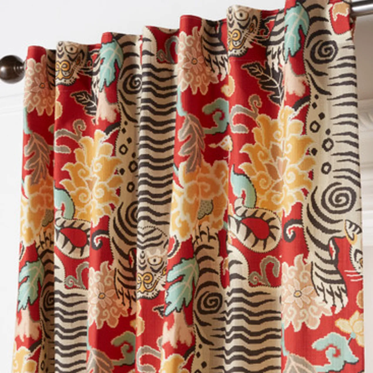 Crafted of cotton with a lively tiger print, our Nimer Panel enriches any interior with bold pattern and a touch of whimsy. Customizable to fit your space, it’s offered in four lengths (84”, 96”, 108”, or 120”), two header styles (rod pocket or inverted pleat), and two colorways (gold or grey). Panel includes lining. Sold as a single panel.
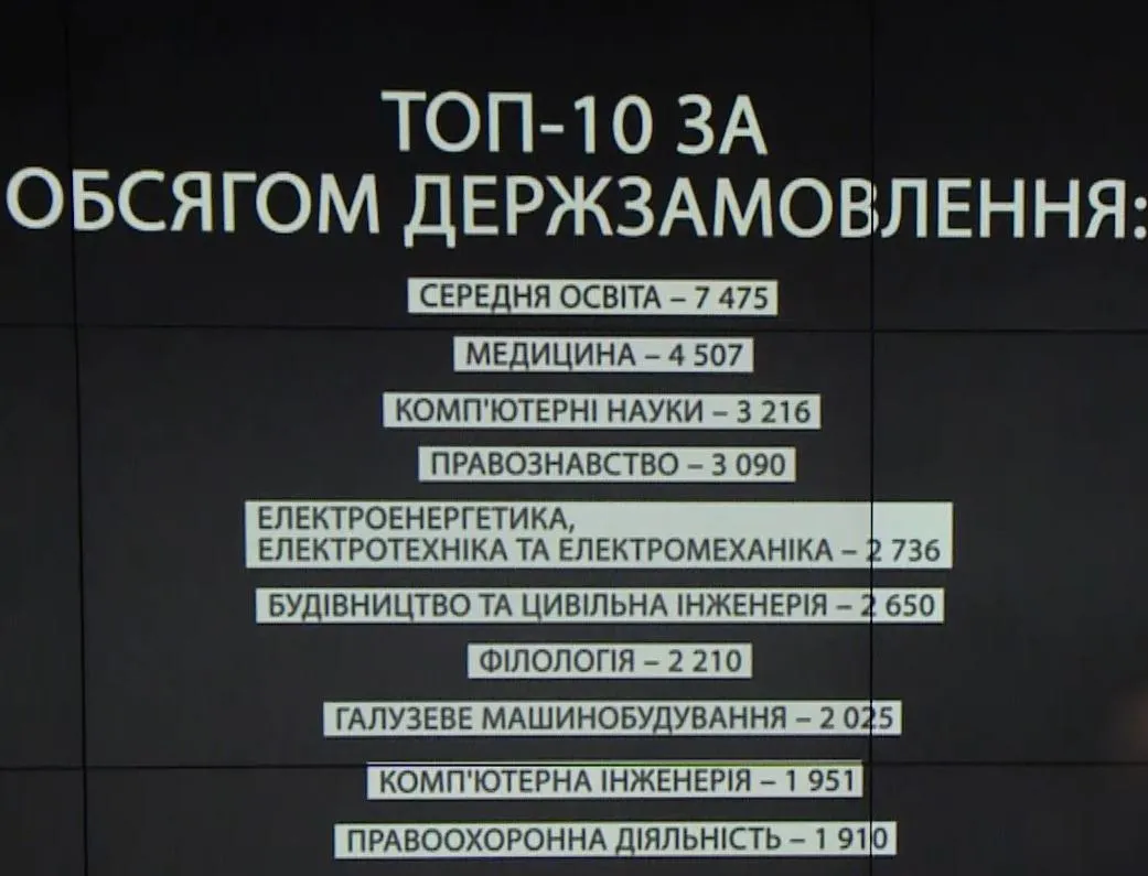 ТОП-10 спеціальностей за обсягом держзамовлення
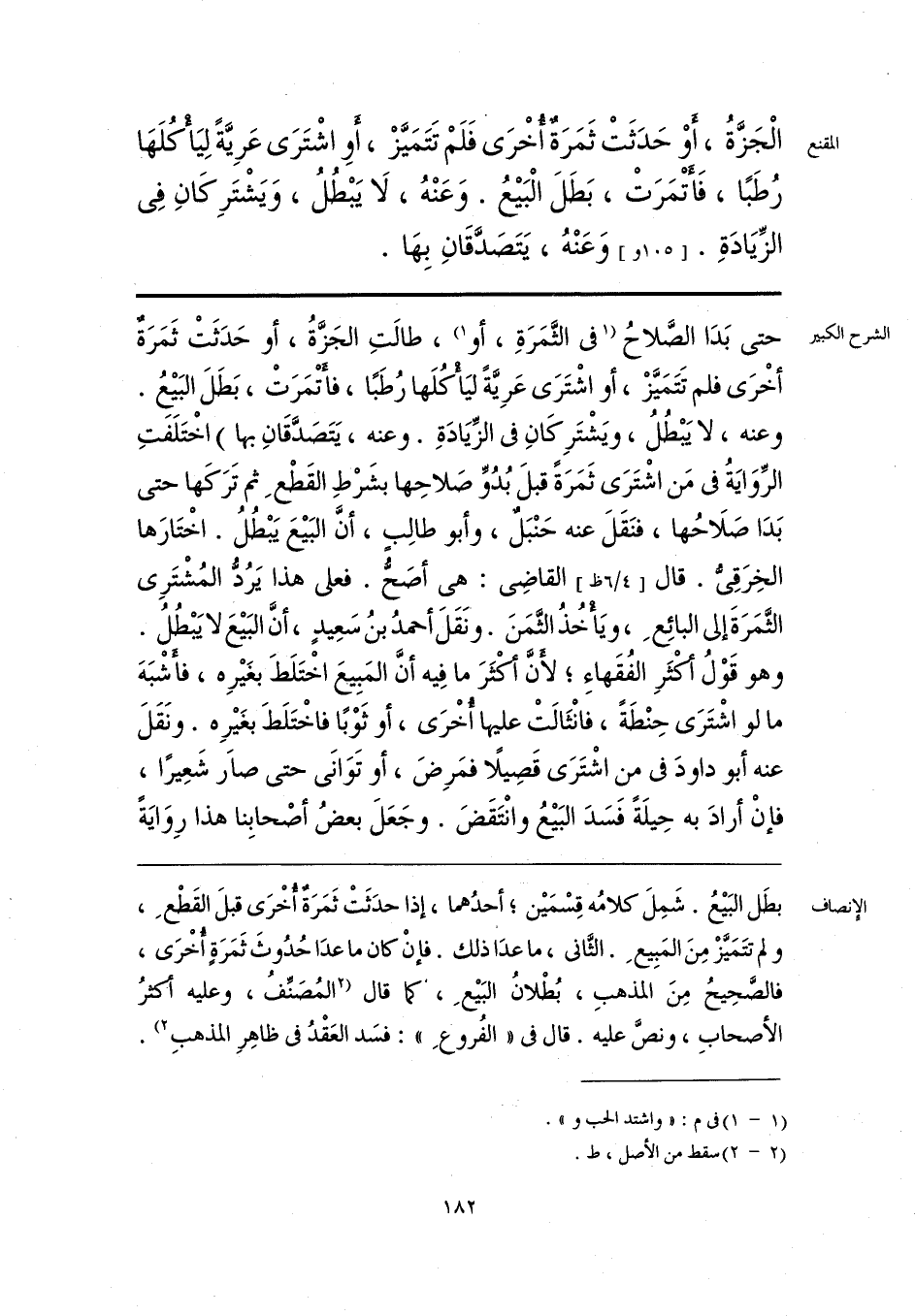 بطَل البَيعُ. شَمِلَ كلامُه قِسْمَين؛ أحدُهما، إذا حدَثَتْ ثَمَرَة أخْرَى قبلَ القَطْعِ، ولم تتَمَيَّزْ مِنَ المَبِيعِ. الثَّاني، ما عدَا ذلك. فإنْ كان ما عدَا حُدُوثَ ثَمَرَةٍ أخْرَى، فالصَّحِيحُ مِنَ المذهبِ، بُطْلانُ البَيعِ، كما قال [المُصَنِّفُ، وعليه أكثرُ الأصحابِ، ونصَّ عليه. قال في «الفُروعِ»: فسَد العَقْدُ في ظاهِرِ المذهبِ] (¬1).

> Exercise objective:
Starting with the line that contains "ТОП-10 спеціальностей за", reproduce every line to the end of the material above, both end lines included, exactly and with no pictures.

> Output of the exercise:
 ТОП-10 спеціальностей за обсягом держзамовлення
 بطَل البَيعُ. شَمِلَ كلامُه قِسْمَين؛ أحدُهما، إذا حدَثَتْ ثَمَرَة أخْرَى قبلَ القَطْعِ، ولم تتَمَيَّزْ مِنَ المَبِيعِ. الثَّاني، ما عدَا ذلك. فإنْ كان ما عدَا حُدُوثَ ثَمَرَةٍ أخْرَى، فالصَّحِيحُ مِنَ المذهبِ، بُطْلانُ البَيعِ، كما قال [المُصَنِّفُ، وعليه أكثرُ الأصحابِ، ونصَّ عليه. قال في «الفُروعِ»: فسَد العَقْدُ في ظاهِرِ المذهبِ] (¬1).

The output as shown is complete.